Как мы страдали, когда по окончании, внезапном, раздались любезные аплодисменты! Ревниво смотрели мы на старую волшебницу, платочком вытиравшую лицо, на ее худую, желтую руку, несшую ко рту чашку остывшего чая, кивавшую соседке-даме, – улыбавшуюся, отдыхавшую перед следующей сказкой. (Отдыхать! Это было нам, юным, непонятно – разве можно отдыхать от такого? Оно же само есть от в с е г о отдых! ) Загадка от загадок… Богатство и бедность, старость и молодость, красота и безобразие – это и было то, о чем, в колдовском разнообразии сочетаний, говорится в сказках. Да, но ведь всего этого никто, может быть, не понимал в той гостиной, кроме нас! Тут начиналась ревность. Мы чувствовали эту сказочницу своей, для нас она говорила – это нам было так явно… А между тем она о нас не знала совсем – не узнает. Она встанет и уйдет, хозяева проводят ее до дверей. Может быть, и заплатят ей

– за сказку. Она ведь, наверное, живет этим? А она могла бы полюбить нас, и может быть, – понять? И мы бы ее любили…

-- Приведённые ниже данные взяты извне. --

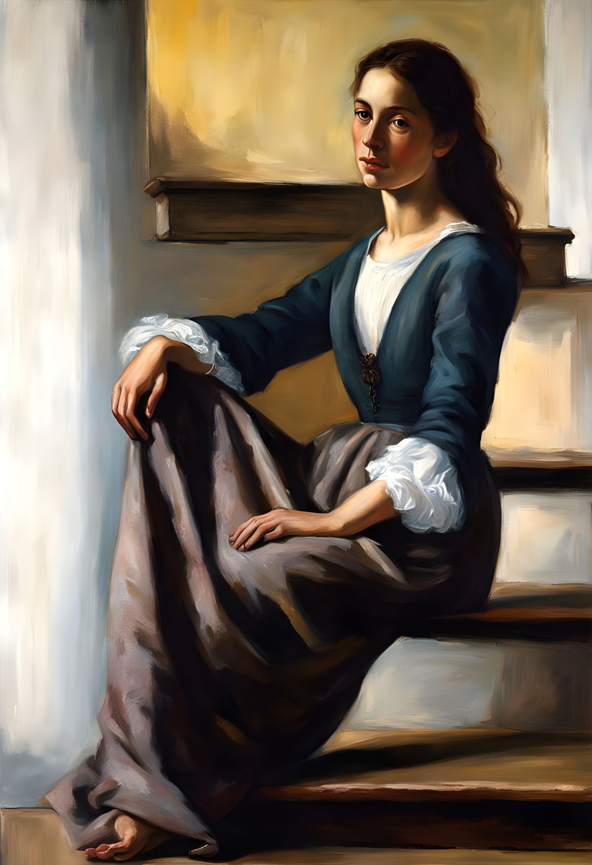 This portrait shows a young woman in a serene outdoor setting, surrounded by the natural beauty of a rustic wooden porch. Soft sunlight and gentle shadows create a warm atmosphere, as she sits in contemplation, lost in thought.

Говор гостиной стихал. Она продолжала.

Сказка шла за сказкой, и, может быть, толстокожесть слушателей даже и пронизалась чем-то в тот вечер? Как блистали старые глаза на помолодевшем чудесном лице! Это была импровизация? Или во вдохновении рассказа сплетались неведомые нам легенды, германские (но сколько мы их знали! ) – с вымыслом, и в комнате возникали новые очертания сказочных призраков, новые сочетания все той же древней фабулы об испытаниях, разлуках, мужестве и надежде, о расцвете и отцветании, о выполненных заветах и обещаниях – и о мраке злой воли, мщении и зависти, о заточеньях, предательствах, гибели… Наконец, устав, она смолкла. Ее благодарили, а она, еще светясь, остывала. Сейчас наступит ее телесная старость, отступившая на время ее труда!

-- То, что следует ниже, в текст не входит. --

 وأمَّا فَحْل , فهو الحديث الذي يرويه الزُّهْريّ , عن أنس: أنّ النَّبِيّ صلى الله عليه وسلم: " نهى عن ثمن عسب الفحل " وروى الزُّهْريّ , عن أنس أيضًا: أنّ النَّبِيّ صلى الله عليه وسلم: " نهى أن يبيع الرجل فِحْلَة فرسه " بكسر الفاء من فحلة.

Серая, еще не белая голова, старомодная, но небрежная прическа, – точно сами волосы на такой голове превращались во что-то, освобождались; худые плечи и руки, старенькое черное платьице, только что бывшее почти «королевским», пока она говорила… И ее уход назад, в ее одинокую комнату

– со старым кофейником? любимой кошкой? Усталость членов, голоса, рушение в сон… Разве можно позабыть тебя, Сказочница?!

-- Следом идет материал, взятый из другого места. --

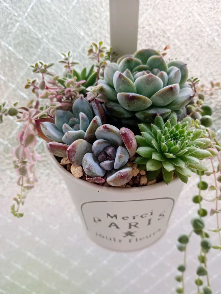 最近、アッヒャー⸜( ᐛ )⸝٩( ᐖ )و٩( ᐖ )وアッヒャー♪となってる寄せ植えが多いのですが、この寄せ植えだけはみんないい感じにまとまってる゚+。:.゚(。•∀•。)゚.:。+゚嬉しい‼️

Мы возвращались с фрау пастор по темным уличкам, взволнованные, отдохнувшие и уставшие, жадно расспрашивая о старой фее. Да, она живет этим, одинокая давно уже. Это – ее хлеб…

В эти дни Марина написала:

Волшебство немецкой феерии,

Томный вальс немецкий и простой,

А луга в покинутой России

Зацвели куриной слепотой.

Милый луг!

Тебя мы так любили

С золотой тропинкой у Оки…

Меж стволов снуют автомобили,

Золотые майские жуки.

Семья Бахман (кажется, и сам пастор) часто ездила по утрам в семейные купальни. И были воздушные ванны (участки леса, отгороженные, где целые семьи ходили в рубашках – чтобы дать дышать телу). Мы иронически смотрели на такие занятия, участия в них не принимали. Да и весь «Белый олень» со своими санаториями, с сандеровским методом лечения от ожирения, все эти сандалии, насильственные хождения по горам, молочная и овощная диета – были в наших глазах только юмористической темой.

 

 

ГЛАВА 9. ЖЕРТВА АВГУСТА СИЛЬНОГО. ГРАФИНЯ ФОН ПОЗЕН. ЭСКАПАДА. ОТЪЕЗД ХЕЛЬМУТА. НАШ ОТЪЕЗД. ПЕШКОМ ПО САКСОНСКОЙ ШВЕЙЦАРИИ. МАГДЕБУРГ. ВИТТЕНБЕРГ

 

 

Мы поехали экскурсией в близлежащее место, где в лесу стоял замок, некогда принадлежавший Августу Сильному (August der Starke). В живописном, глухом месте стоял он, лучше слов говоря о старине. Узкие бойницы, крепчайшие стены, простые суровые очертания. И была в нем высокая башня, окруженная галереей. Грубая кладка камня поражала. Что-то дикое, страшное, древнее, как сама земля и деревья этого леса. Г ид рассказал нам – нет, не легенду, а жестокую, невероятную быль. Некогда Август дер Штарке приблизил к себе красавицу графиню фон Позен. Был ли он вдов – не помню. Графиня имела от него двух маленьких сыновей. Но кто-то донес Августу, что графиня ему изменила. В гневе не проверив злой слух и не слушая уверений возлюбленной он велел заточить ее в башню. Туда ей носили еду и питье, давали одежду, но не позволялось ей даже стоять у окна. Так, отдаленная накрепко от жизни, красавица графиня Позенская прожила в этой башне три четверти жизни. Детей своих она ни разу не видела с разлуки. И вот однажды она увидела в окне, как вслед за Августом мчатся на конях ее взрослые сыновья. Графиня, потрясенная, узнав крошек сыновей в этих взрослых красавцах, крикнула их имена! Они было остановились, дрогнув, придерживая поводья – может быть, узнав голос матери! – но грозно торопил, отзывая их, голос отца – и, пришпорив коней, они неслись вслед, проскакав мимо башни, где томилась в заточении их мать.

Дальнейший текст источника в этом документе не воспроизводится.